To address these challenges, we undertake several steps as shown in Figure 1. Firstly, we create a large-scale offline-distillation instruction dataset, consisting of 2.58M examples. We curate these instructions from diverse existing datasets, including self-instruct Wang et al. (2022a), P3 Sanh et al. (2022), FLAN Longpre et al. (2023), and Alpaca Taori et al. (2023). To augment the dataset, we use the Example-Guided Instruction Generation technique with gpt-3.5-turbo to generate additional diverse instructions that match human-written prompts in style and quality.We use gpt-3.5-turbo-0301 in this work. We also employ the Topic-Guided Instruction Generation technique to enhance instruction diversity by incorporating specific topics of interest from Wikipedia. Finally, we utilize gpt-3.5-turbo to generate responses for each instruction. The resulting dataset is called the LaMini instruction dataset.
After creating the dataset, we fine-tune multiple smaller language models with different sizes (ranging from 61M to 7B) and architectures (encoder-decoder and decoder-only). We also conduct extensive experiments and analyses, setting our work apart from previous research. We evaluate their performance on diverse NLP downstream tasks and incorporate human evaluation to assess the quality of model outputs. Given the growing power of language models, we recognize the potential risks they pose. Hence, we evaluate our LaMini language models for hallucination and toxicity. The toxicity assessment utilizes an existing test suite, while we curate a separate test suite with 40 carefully crafted questions to specifically probe hallucination risks. Through these comprehensive analyses, we gain deep insights into the models’ strengths and weaknesses, enabling us to better understand their potential applications and risks.
Our contributions can be summarized as follows:
We introduce the LaMini instruction dataset, consisting of over 2.58M examples. To the best of our knowledge, this dataset is currently the largest instruction dataset available. Notably, it is larger than the dataset released by Taori et al. (2023).

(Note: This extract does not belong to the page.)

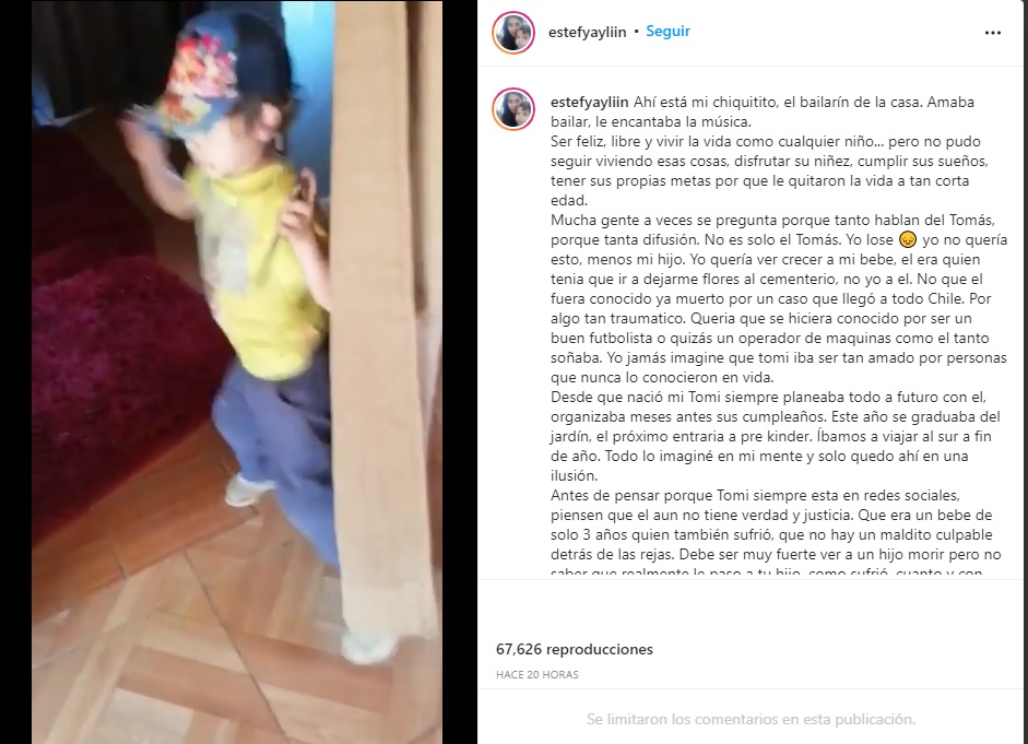 Asimismo, explicó que «antes de pensar por qué Tomi siempre esté en redes sociales, piensen que el aún no tiene verdad y justicia. Que era un bebé de solo 3 años que también sufrió, que no hay un maldito culpable detrás de las rejas. Debe ser muy fuerte ver a un hijo morir, pero no saber realmente qué le pasó a tu hijo, cómo sufrió, cuánto y con quién estuvo, créanme también es un dolor horrible».

We investigate the process of distilling knowledge from large language models (LLMs) into many different models (T5, GPT, LLaMA, Cerebras) of various sizes (from 61M up to 7B parameters), resulting in a family of distilled language models.
We conduct extensive experiments and evaluations on both our proposed models and several publicly available LLMs across various downstream NLP tasks and general-purpose prompts.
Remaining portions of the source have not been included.